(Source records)
● ● ● ●

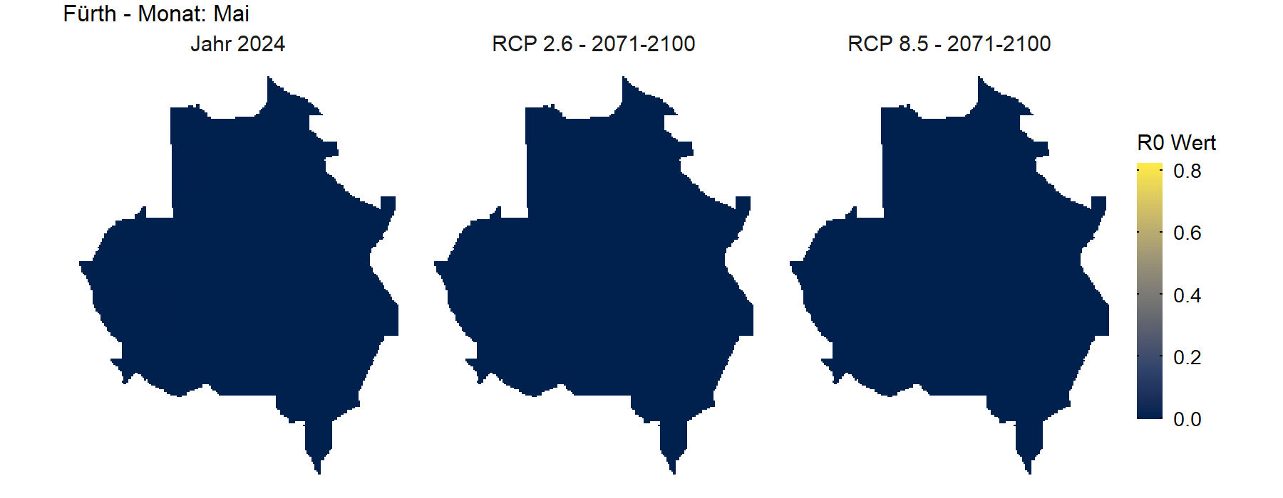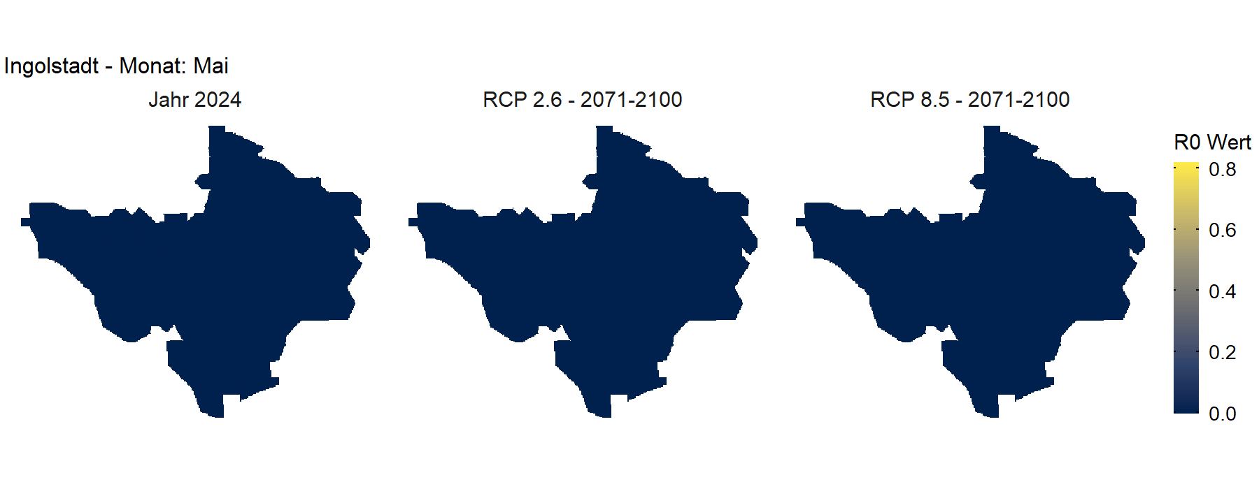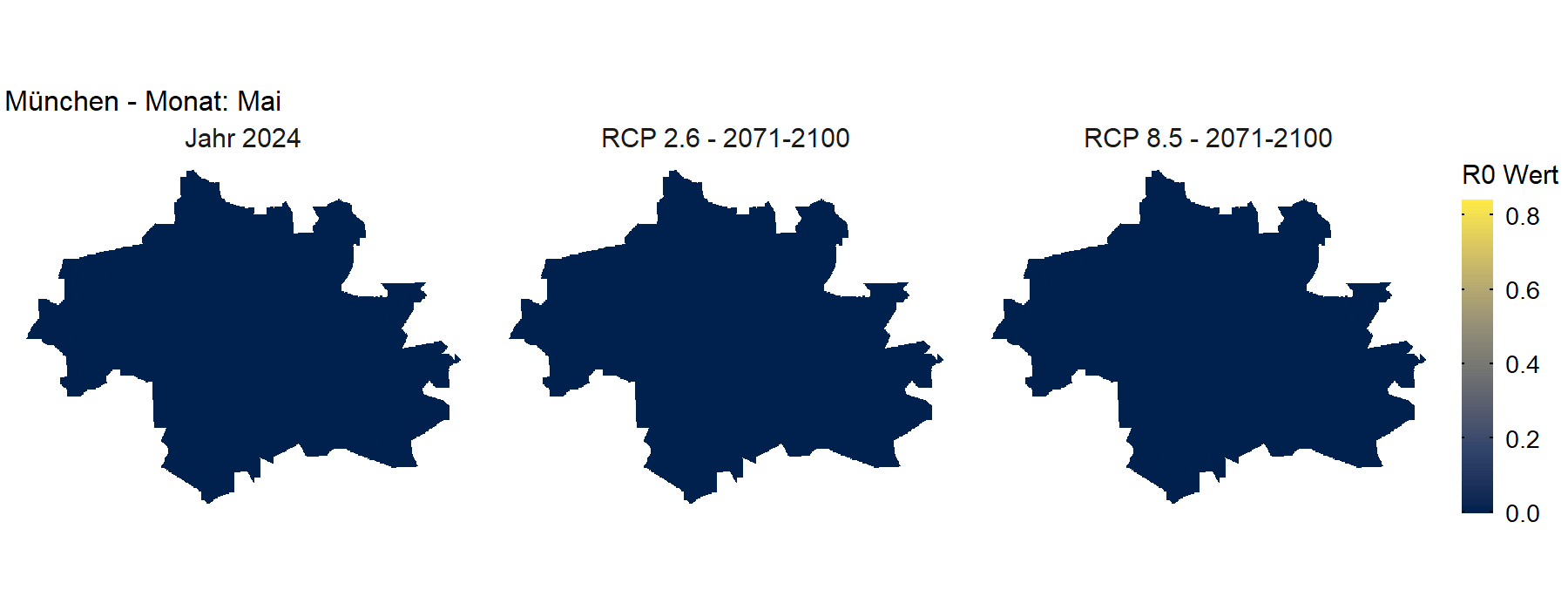 The following maps show the average R0 values for May to October in the respective cities. The animations consist of three individual maps. The first map shows the risk of infection with the chikungunya virus in 2024, the second map shows the projected risk of infection for 2071-2100 under the RCP 2.6 climate scenario, and the third map also shows the risk of infection for 2071-2100, but with climate developments assuming the RCP 8.5 scenario.
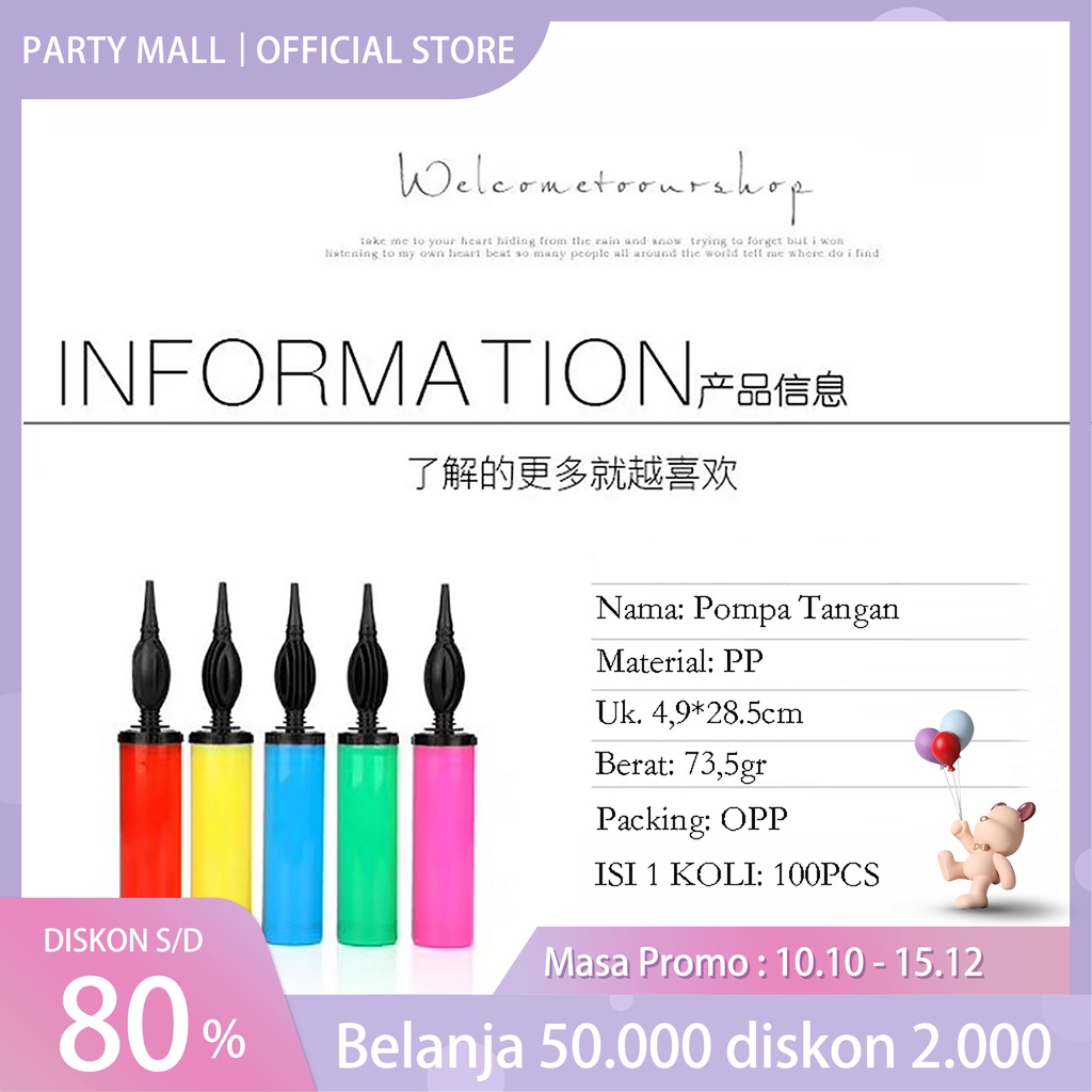Pompa Balon Tangan Manual Warna Warni / Pompa Tangan
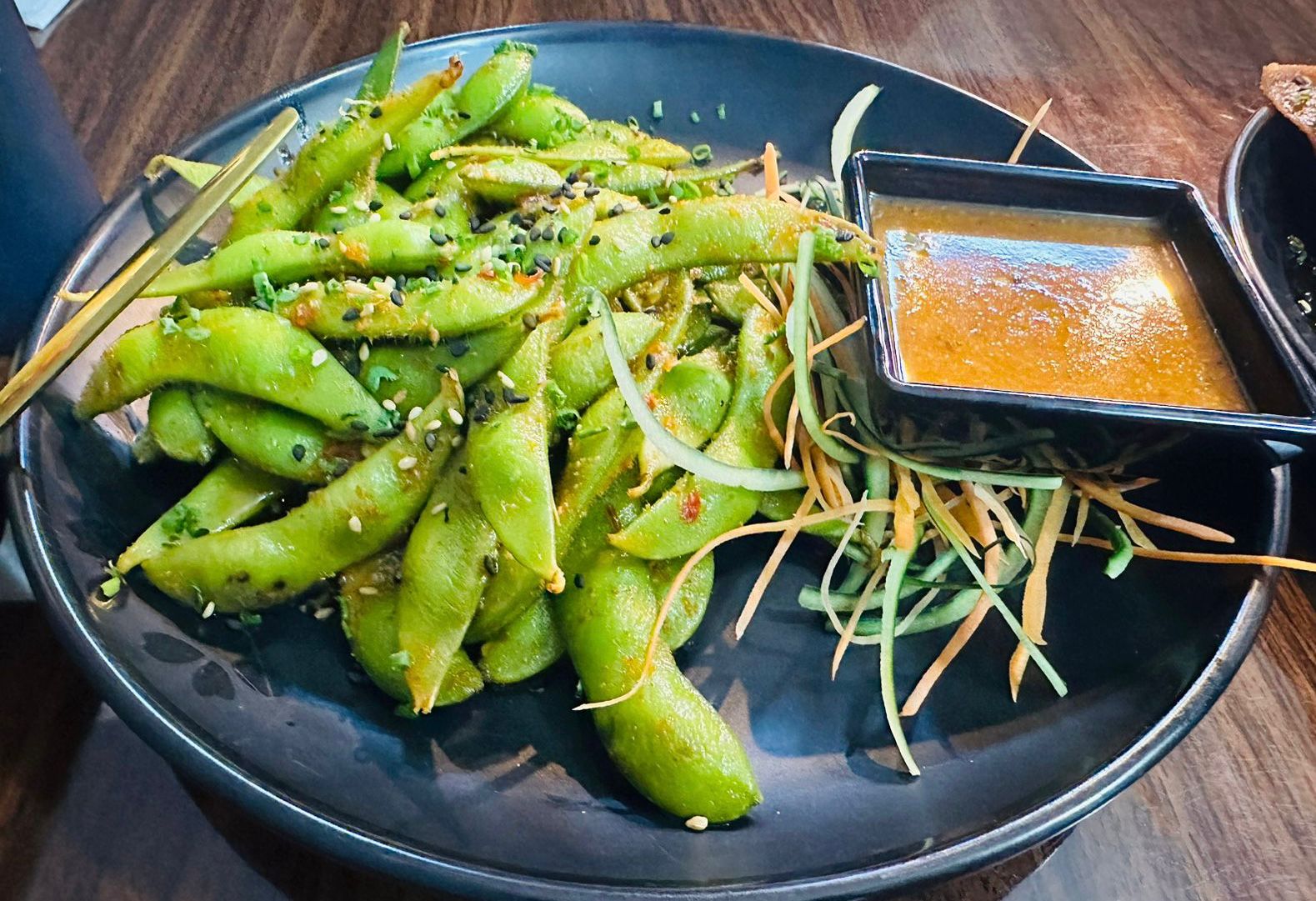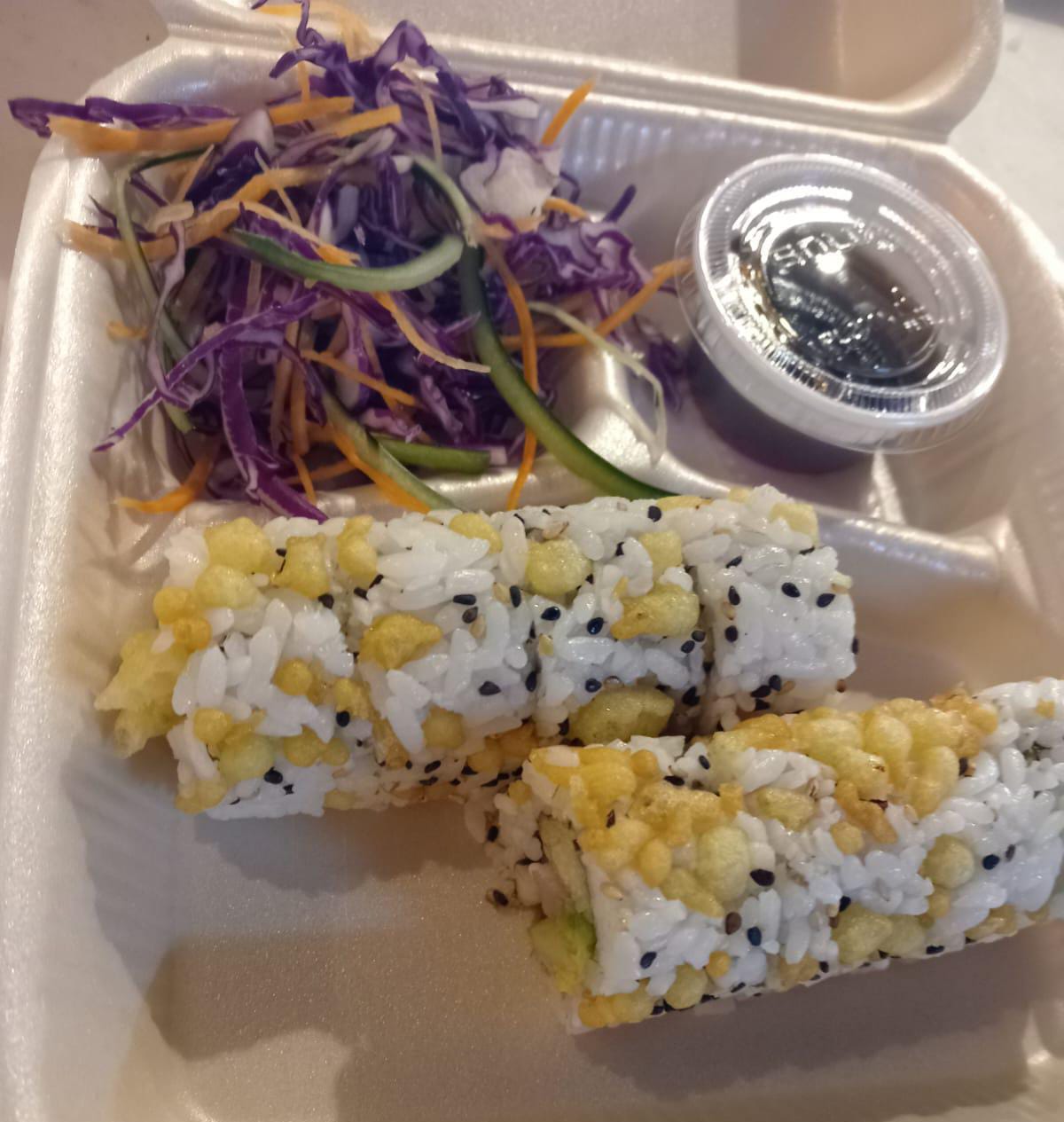 Rollo relleno de pepino, aguacate y cangrejo. Empanizado con panko. Acompañado de spicy, chiles toreados con soya y soya.
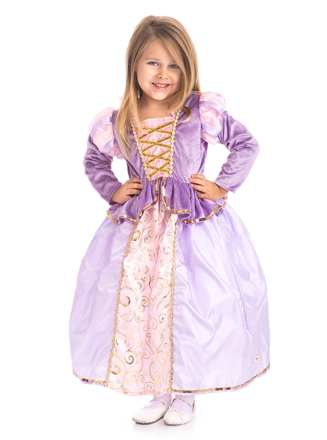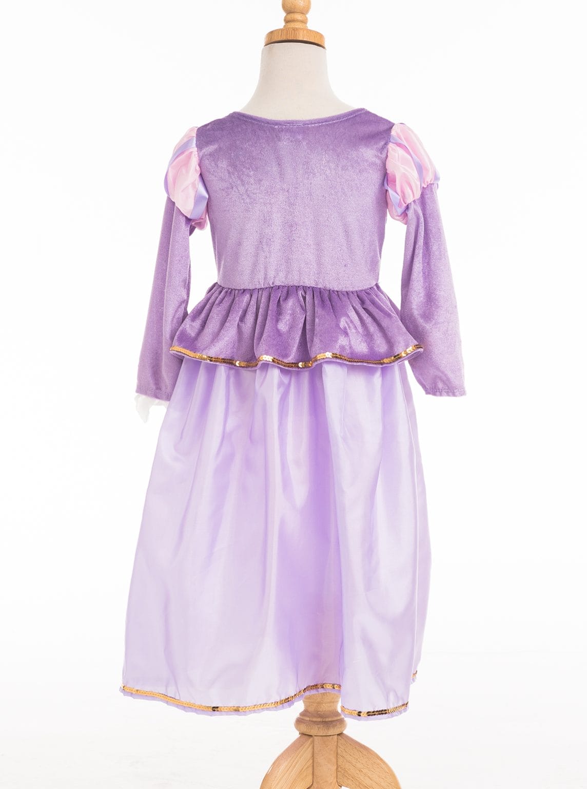 Deze klassieke Rapunzel verkleedjurk is een luxe paarse prinsessenjurk en wordt geleverd inclusief een Rapunzel haarband.
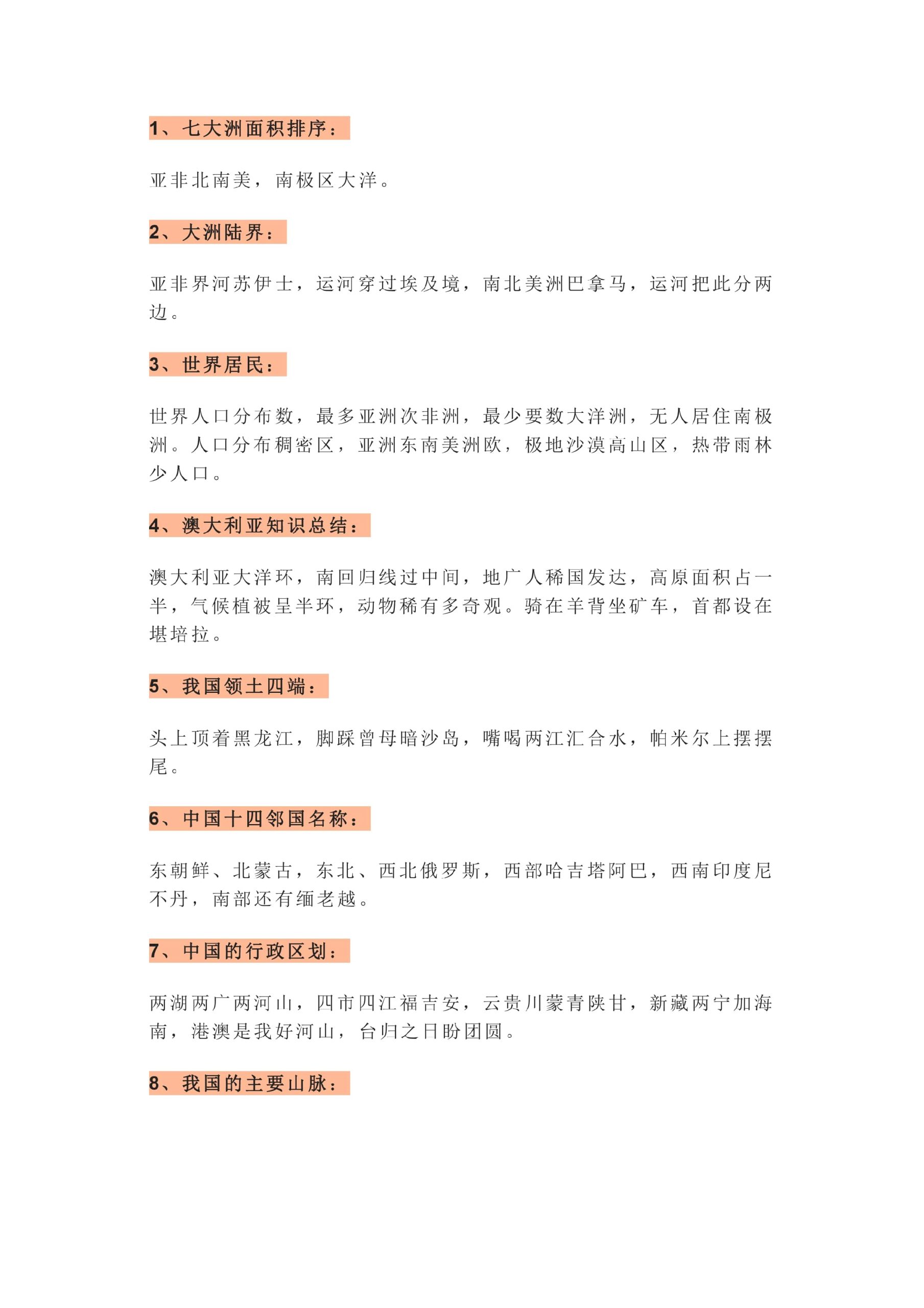 【初中地理】3年考点顺口溜,好学又好记!
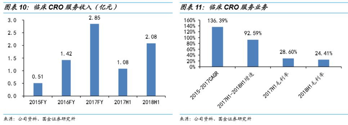 临床研究及其他CRO服务:主要包括I至IV期临床试验技术服务、数据管理、统计分析、注册申报、临床协调、CRO辅助服务。公司致力于构建国际多中心临床试验服务能力,赋能国内新药 “走出去”、海外新药“引进来”, 为客户的新药临床试验各阶段提供临床研究服务支持,包括临床试验方案设计、监察及数据分析服务、FDA、CNDA的新药政府申报流程(CDS业务)、临床协调及现场管理服务(SMO服务)等。公司现 拥有超过1500位CRC,分布在全国近100个城市的600家医院提供临床中心管理服务。公司内控严格,自国家食品药品监督管理总局发布开展药物临床试验数据自查核查的公告以来,公司SMO事业部共有16个项目接受了检查,16个均顺利通过审查,其中14个获得NDA证书。2015-2017年CAGR136.39%,2018年上半年收入5.46亿元,同比增加92.59%。

● ● ● ●

- Exercise instructions
Above are the records; print them all exactly and keep the pictures out.

- Completed exercise
 The following maps show the average R0 values for May to October in the respective cities. The animations consist of three individual maps. The first map shows the risk of infection with the chikungunya virus in 2024, the second map shows the projected risk of infection for 2071-2100 under the RCP 2.6 climate scenario, and the third map also shows the risk of infection for 2071-2100, but with climate developments assuming the RCP 8.5 scenario.
Pompa Balon Tangan Manual Warna Warni / Pompa Tangan
 Rollo relleno de pepino, aguacate y cangrejo. Empanizado con panko. Acompañado de spicy, chiles toreados con soya y soya.
 Deze klassieke Rapunzel verkleedjurk is een luxe paarse prinsessenjurk en wordt geleverd inclusief een Rapunzel haarband.
 【初中地理】3年考点顺口溜,好学又好记!
 临床研究及其他CRO服务:主要包括I至IV期临床试验技术服务、数据管理、统计分析、注册申报、临床协调、CRO辅助服务。公司致力于构建国际多中心临床试验服务能力,赋能国内新药 “走出去”、海外新药“引进来”, 为客户的新药临床试验各阶段提供临床研究服务支持,包括临床试验方案设计、监察及数据分析服务、FDA、CNDA的新药政府申报流程(CDS业务)、临床协调及现场管理服务(SMO服务)等。公司现 拥有超过1500位CRC,分布在全国近100个城市的600家医院提供临床中心管理服务。公司内控严格,自国家食品药品监督管理总局发布开展药物临床试验数据自查核查的公告以来,公司SMO事业部共有16个项目接受了检查,16个均顺利通过审查,其中14个获得NDA证书。2015-2017年CAGR136.39%,2018年上半年收入5.46亿元,同比增加92.59%。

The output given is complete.